Ein Oberst zeigte den Offizieren, die bei ihm speisten, bei Tische eine neue, sehr schöne goldene Dose. Nach einer Weile wollte er eine Prise Tabak nehmen, suchte in allen Taschen und sagte bestürzt: Wo ist meine Dose? Sehen Sie doch einmal nach, meine Herren, ob nicht etwa von Ihnen einer sie in Gedanken eingesteckt habe. – Alle standen sogleich auf und wendeten die Taschen um, ohne daß die Dose zum Vorschein kam. Nur der Fähnrich blieb in sichtbarer Verlegenheit sitzen und sagte: Ich wende meine Taschen nicht um; mein Ehrenwort, daß ich die Dose nicht habe, sei genug. – Die Offiziere gingen kopfschüttelnd auseinander und jeder hielt ihn für den Dieb. Am andern Morgen ließ ihn der Oberst rufen und sprach: Die Dose hat sich wieder gefunden. Es war in meiner Tasche eine Naht aufgegangen, und da fiel sie zwischen dem Futter hinab. Nun sagen Sie mir aber, warum Sie Ihre Tasche nicht zeigen wollten, was doch alle übrigen Herren Offiziere getan haben? – Der Fähnrich sprach: Ihnen allein, Herr Oberst, will ich es gern bekennen. Meine Eltern sind arm. Ich gebe ihnen daher meinen halben Sold und esse mittags nichts Warmes. Als ich bei Ihnen eingeladen wurde, hatte ich mein Mittagessen bereits in der Tasche – und da hätte ich mich ja schämen müssen, wenn beim Umwenden der Tasche ein Stück schwarzes Brot und eine Wurst herausgefallen wäre.

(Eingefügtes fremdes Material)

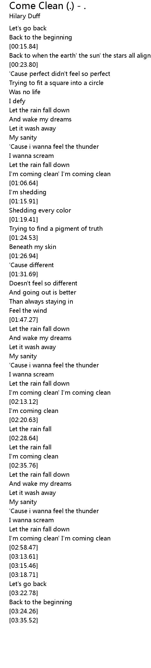 I'm coming clean' I'm coming clean |
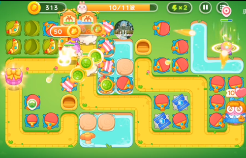 4、这一波是红色的塔炮来攻击右边的草,左边就直接攻击兔子。

Der Oberst sagte gerührt: Sie sind ein sehr guter Sohn! Damit Sie Ihre Eltern desto leichter unterstützen können, sollen Sie nun täglich bei mir speisen. – Er lud alle Offiziere zu einem festlichen Gastmahle ein, bezeigte vor ihnen allen die Unschuld des Fähnrichs und überreichte ihm, zum Beweise seiner Hochachtung, die goldne Dose als ein Geschenk.

Wer seine Eltern liebt und ehrt,
Ist Gott und Menschen lieb und wert.